Airline Weekly

Delta’s New Iceland Routes Portend More Global Expansion as Vaccines Prompt Fewer Restrictions

“Have vaccine, will travel,” appear to be buzzwords in the network planning department at Delta Air Lines as the carrier adds flights to Iceland following the country’s decision to reopen to vaccinated travelers.

The Atlanta-based carrier will add new service between Boston and Reykjavík from May 20, and resume flights between both Minneapolis/St. Paul and New York JFK and the Icelandic capital the same month. All three routes will be flown with Boeing 757-200 aircraft. The move comes less than two weeks after Iceland announced that it would reopen without restrictions to all non-European travelers who are fully vaccinated.

“As confidence in travel rises, we hope more countries continue reopening to vaccinated travelers,” said Joe Esposito, senior vice president of network planning at Delta, on Friday.

Delta’s move portends a new trend among international airline planning: jumping at markets as they remove Covid-19 travel restrictions.

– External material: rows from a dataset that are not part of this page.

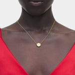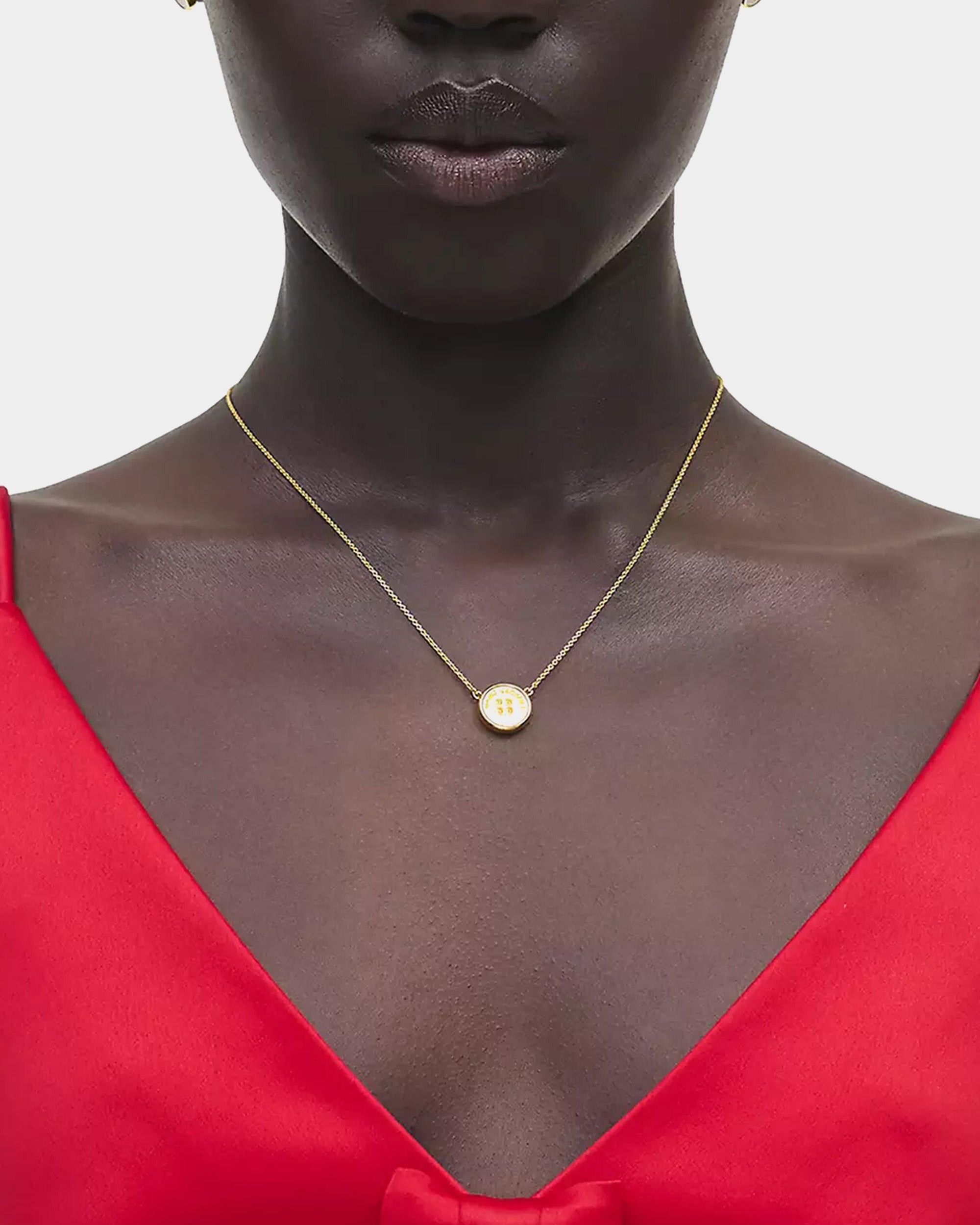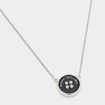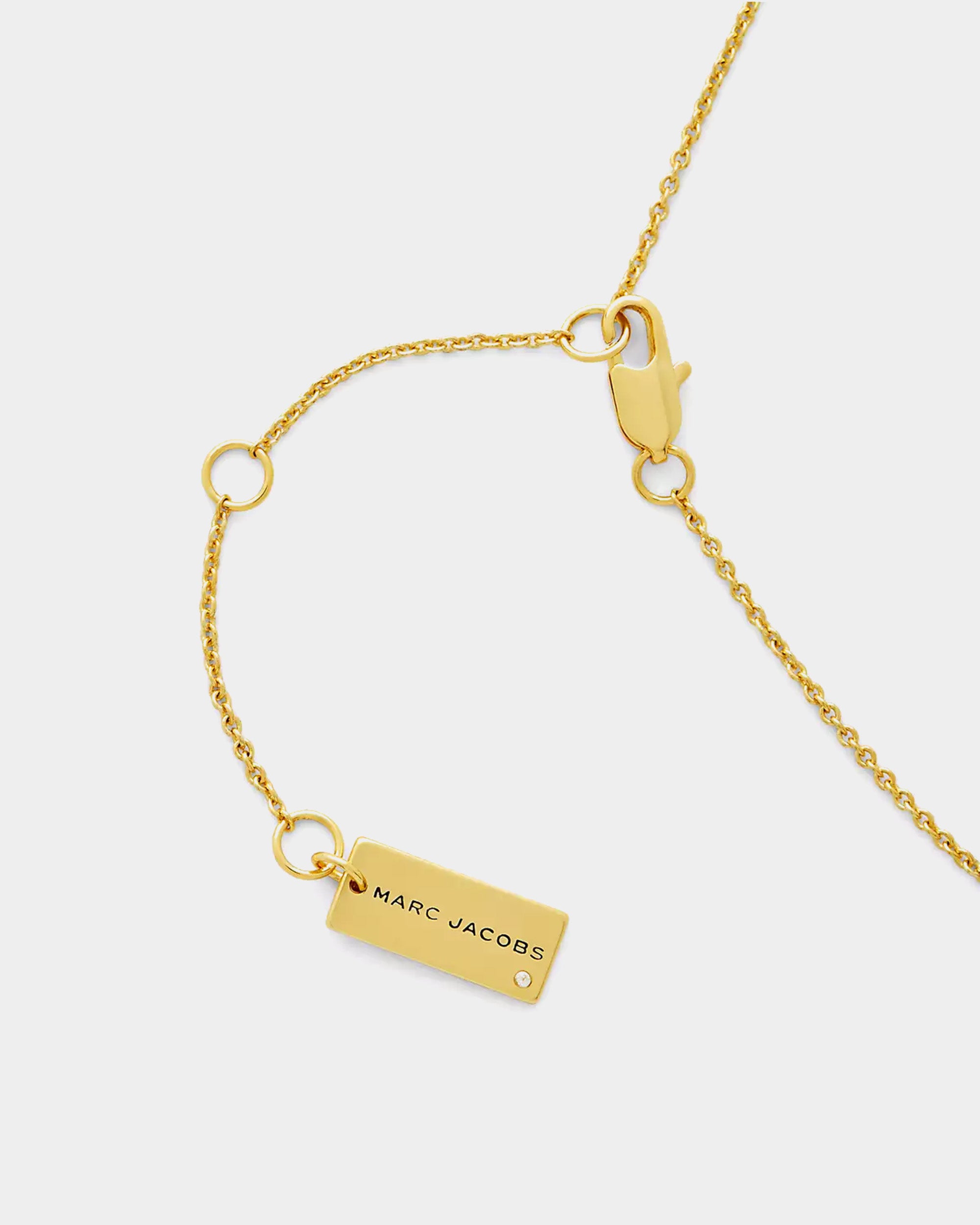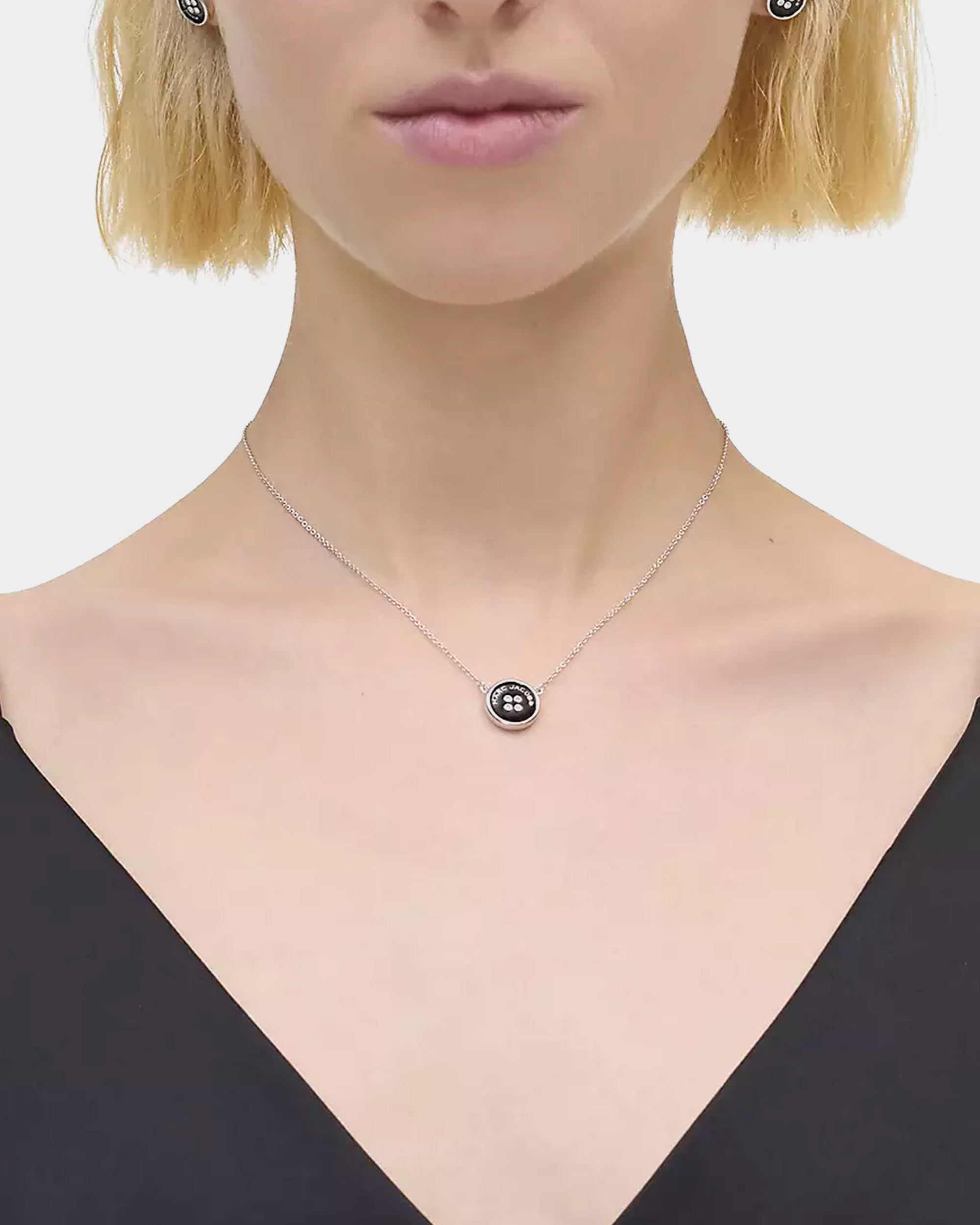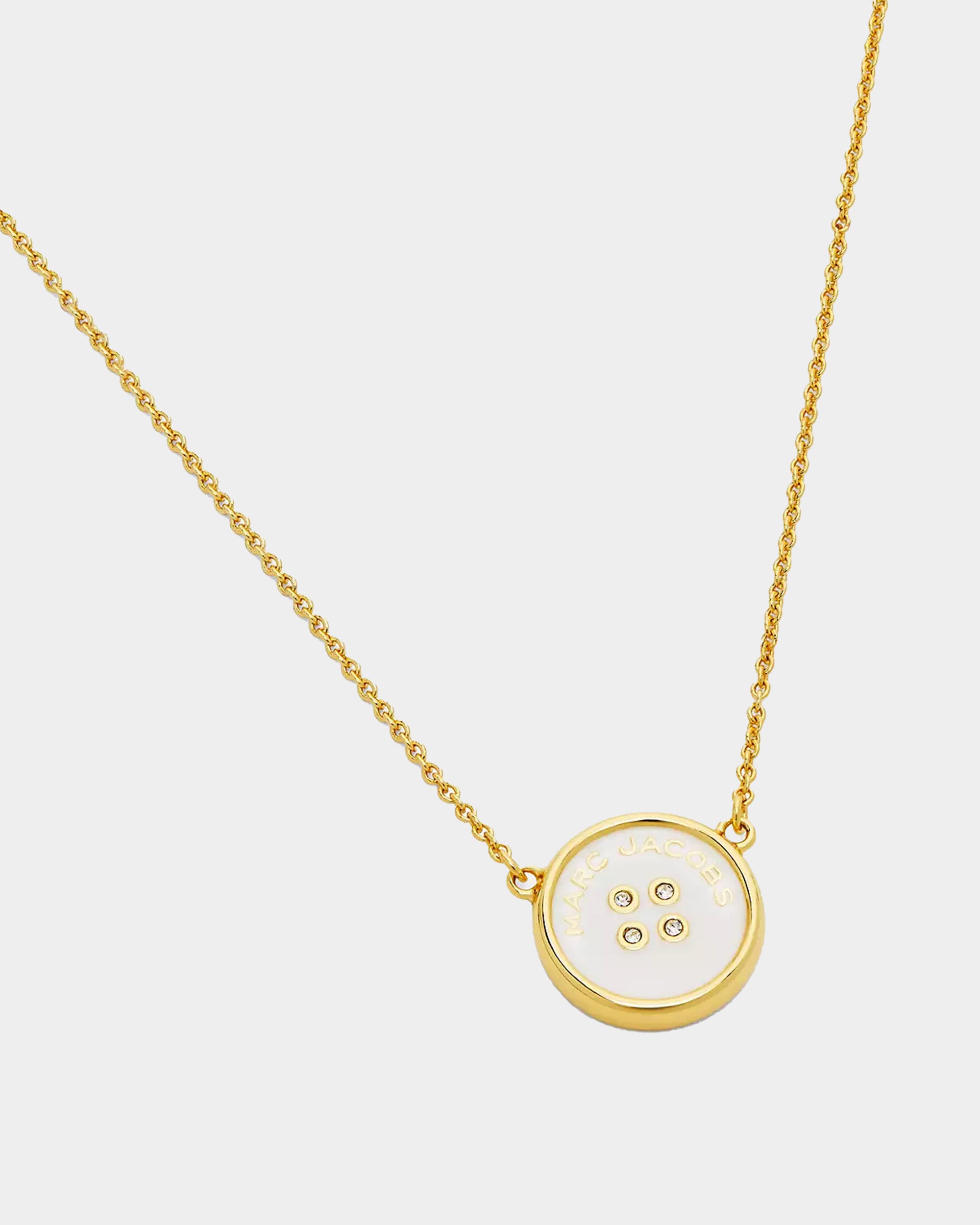 此款項鍊採鍍金/鍍銀黃銅材質,吊墜為手繪琺瑯鈕扣,上嵌玻璃水晶,搭配兩段可調節鏈條,細節致敬品牌對飾品修飾與細節的熱愛。
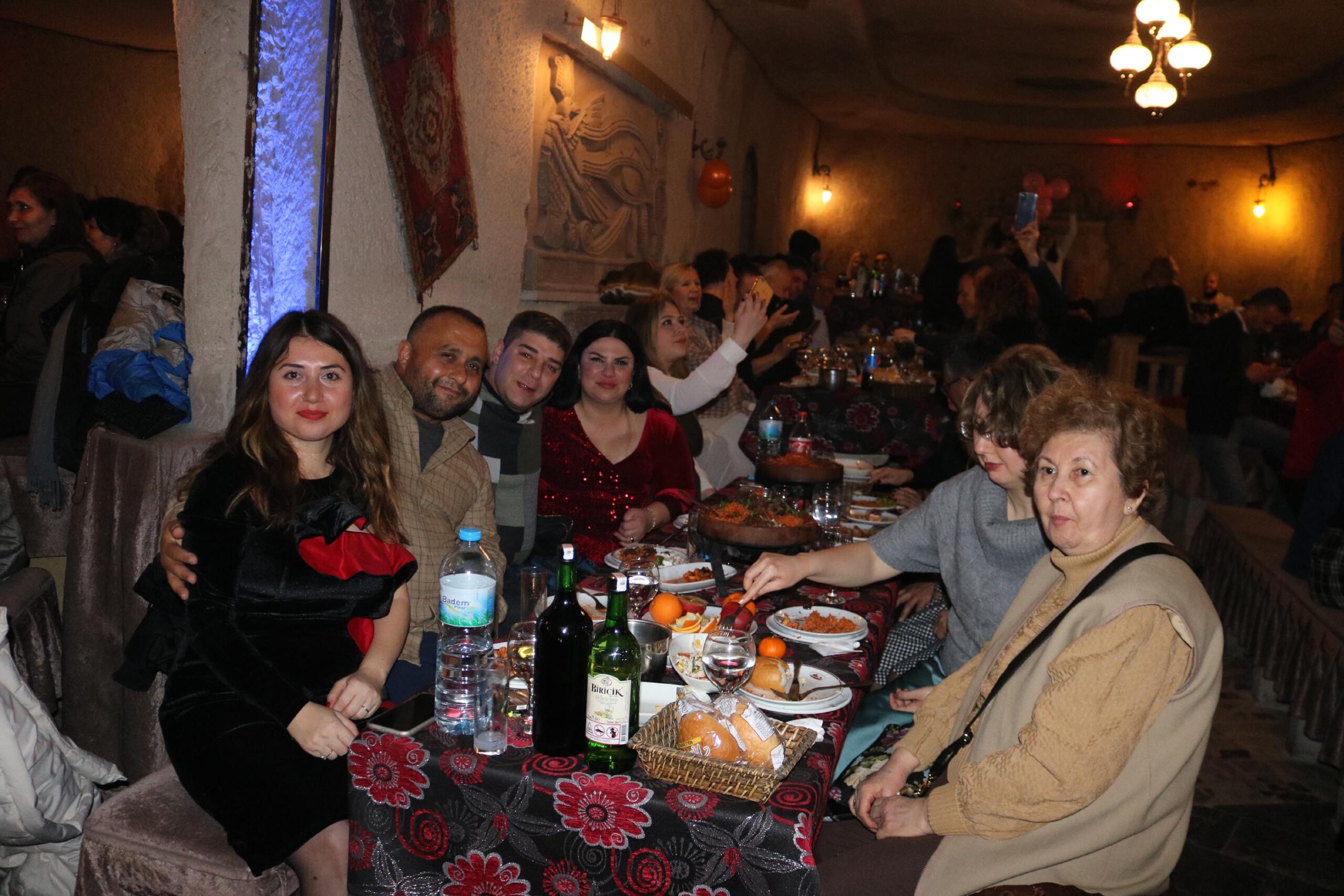Kapadokya Bölgesinde yerli ve yabancı turistlerin yılbaşı kutlamaları için en fazla ilgi gösterdiği mekanlar, volkanik tüfler içerisine oyularak yapılan yeraltı eğlence merkezleri oldu. 2022  yılını renkli görüntüler eşliğinde günün ilk ışıklarına kadar sürdü. Çılgınca eğlenerek, yerin 10 metre altında ‘Yaşar Baba “Restaurantı’ dolduran turistler yapılan yeni yıl kutlamalarını Oryantal Almina’ın kıvrak dansları eşliğinde geçirdi. Mangalda yakılan ateşin etrafında dans eden turistler, havai fişek gösterileriyle eğlendi.
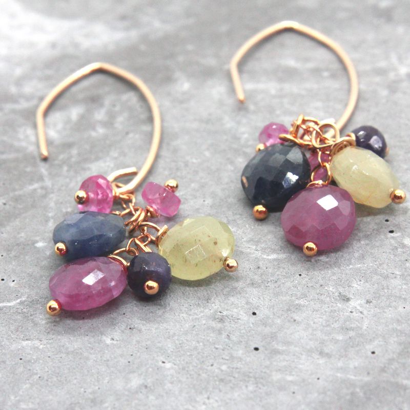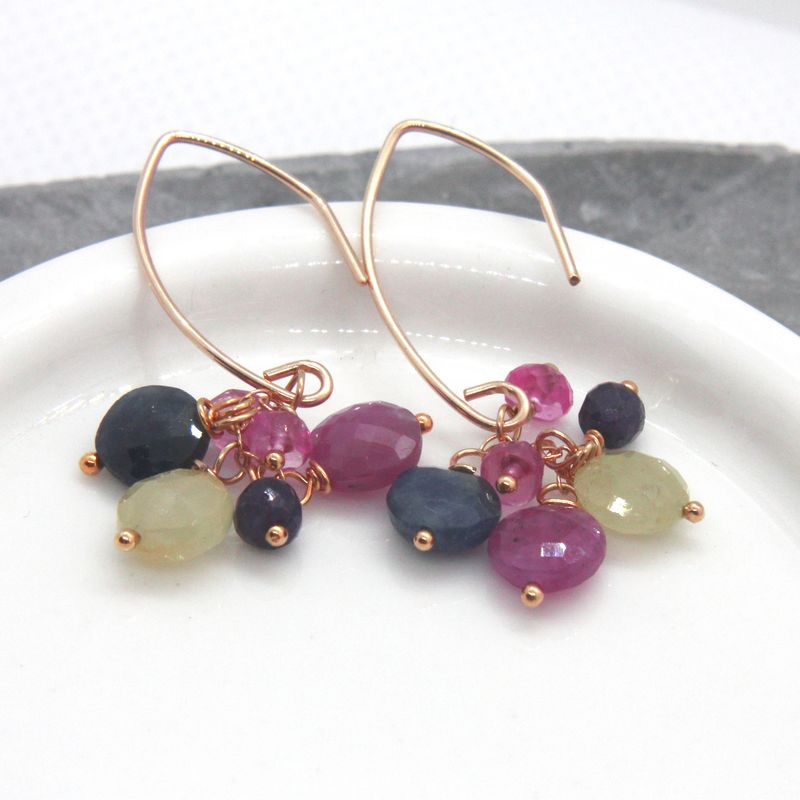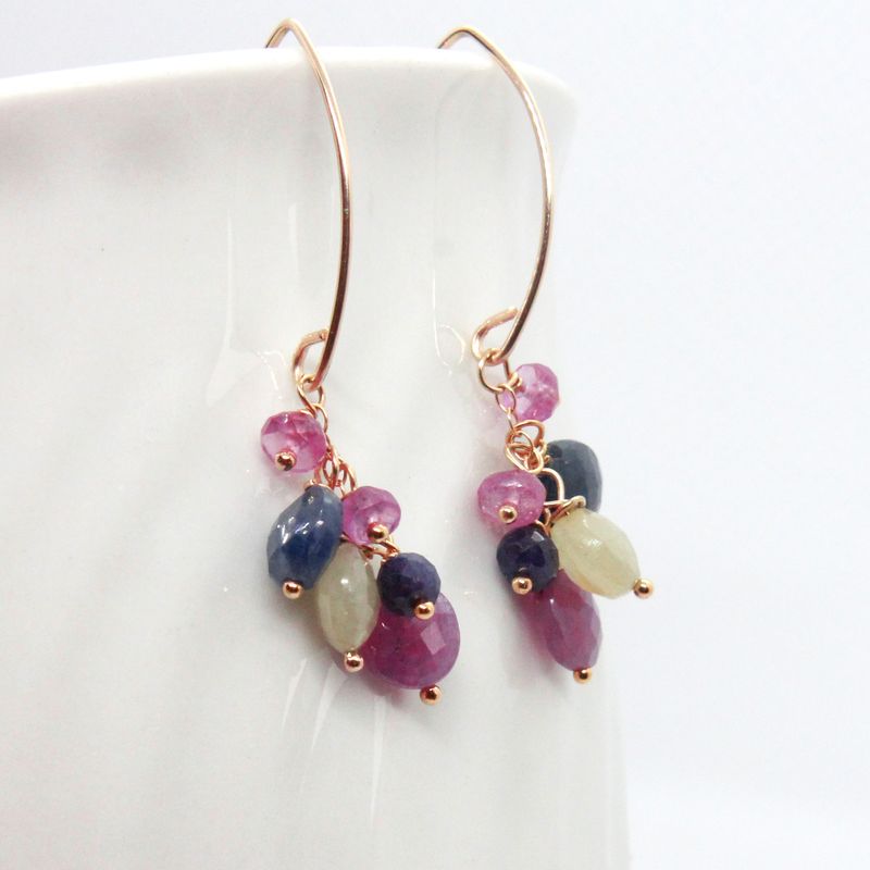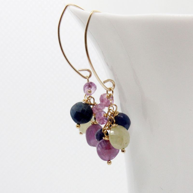 Sapphire cluster earrings made with small, faceted sapphires in different shapes and colors, clustered under my almond shaped, handmade gold ear wires. All gemstones are securely wire wrapped to a piece of gold chain. All metal is 14 k gold filled. Total lenght is 1.6 inches (40 mm) Sapphire is September`s birthstone!
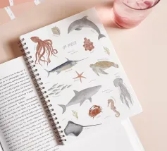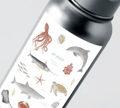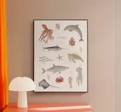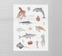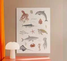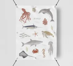 POSTER DIDATTICO "NEL MARE Questo poster è un simpatico accessorio per la cameretta che aiuta i bambini a conoscere meglio la fauna marina. Esiste anche un poster educativo abbinato "On safari".
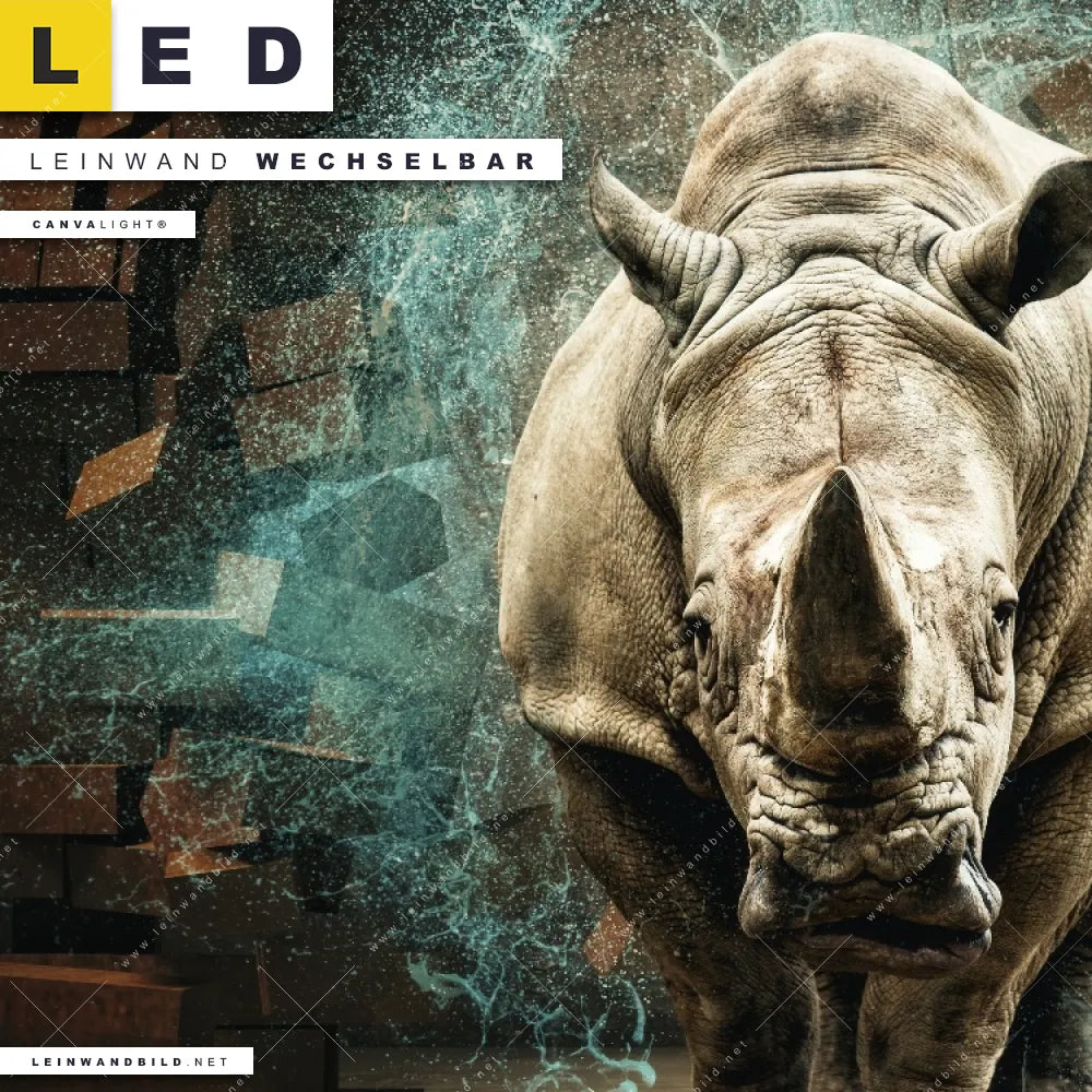 Du bist auf der Suche nach einem Tierwelt LED Leinwandbild im Schmalen Format? Begriffe wie Nashorn, Afrika, wild, Safari, Mauer, Durchbruch, Zerstörung haben Dich auf der Suche nach Deinem neuen XXL LED Wandbild mit wechselbarer Leinwand inspiriert? Farben wie Beige, Türkis, Schwarz dürfen auf Deinem neuen Leinwand-LED-Bild im Panorama-Hochformat nicht fehlen und Leuchtbilder im Modern Art, Mixed Media Stil passen perfekt zu Deinem Einrichtungsstil?
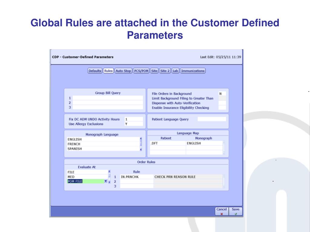 Added Sophistication • Utilizing Rules linked to fields on a Customer Defined Screen (CDS). • Activating rules by selecting appropriate fields on the CDS.

European carriers are already doing this within the 25-nation EU bloc as individual members ease limits. And with many would-be travelers eager to get out — that “pent up demand” nearly every airline executive likes to mention — more such international routes seem inevitable.

The situation is something of a Field of Dreams conundrum for countries. Build it and they will come, or remove restrictions for vaccinated travelers and airlines — and hopefully visitors — will pile in. This can be good news for economies hard-hit by the pandemic but also raises safety questions until the vast majority of a population is vaccinated, which is often said to be at least more than 70 percent of adults.

Notable in Iceland’s case is that American travelers can arrive with just their Centers for Disease Control and Prevention (CDC) vaccination card for verification. This comes as organizations race to develop a new breed of digital health passports that can prove a traveler meets local rules, be it with a vaccine or negative Covid-19 test, electronically. While many airlines have embraced these solutions to streamline often complicated verification procedures, governments have yet to agree on a set of standards and few have signed on to one of the myriad of platforms.

“We think we have no choice but getting this type of solution,” Air France Operational Performance Director Emmanuelle Ferracci told Airline Weekly on the carrier’s AOKpass trial earlier in March. “If we don’t find any solution… then we will have some congestion on the boarding, and this will be a nightmare in terms of customer experience.”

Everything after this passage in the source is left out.